**Data shown:**
====

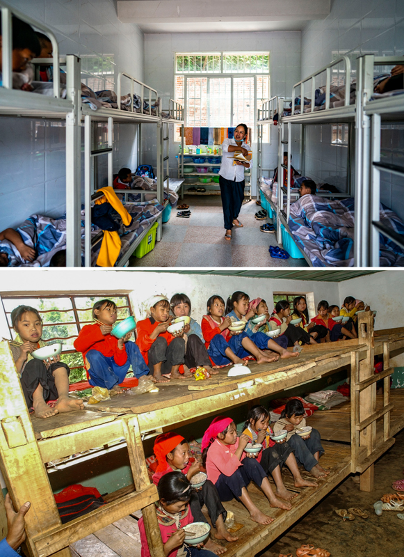 拚版照片:上圖為(wei) 2021年9月8日,雲(yun) 南省瀾滄拉祜族自治縣木戛鄉(xiang) 哈卜嗎村小學的學生在宿舍休息(新華社記者江文耀攝);下圖為(wei) 2003年,哈卜嗎村小學的學生在宿舍吃飯(新華社記者秦晴攝)。新華社發
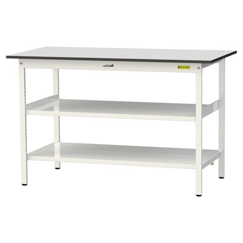 軽量作業台 中間棚付 全面棚付 RoHS2対応塩ビシート天板 ワークテーブル150 W1500D750H950mm SURH−1575TTF−GYW 天板ライトグレー脚ホワイト 1台【メーカー直送】
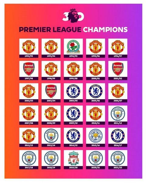8月15日讯 今年是英超联赛30周年,英超官推晒图展示过去30年的英超冠军,并配文:“下一个是谁?”

====

Set down the entire material verbatim, with each picture left out.

 拚版照片:上圖為(wei) 2021年9月8日,雲(yun) 南省瀾滄拉祜族自治縣木戛鄉(xiang) 哈卜嗎村小學的學生在宿舍休息(新華社記者江文耀攝);下圖為(wei) 2003年,哈卜嗎村小學的學生在宿舍吃飯(新華社記者秦晴攝)。新華社發
 軽量作業台 中間棚付 全面棚付 RoHS2対応塩ビシート天板 ワークテーブル150 W1500D750H950mm SURH−1575TTF−GYW 天板ライトグレー脚ホワイト 1台【メーカー直送】
8月15日讯 今年是英超联赛30周年,英超官推晒图展示过去30年的英超冠军,并配文:“下一个是谁?”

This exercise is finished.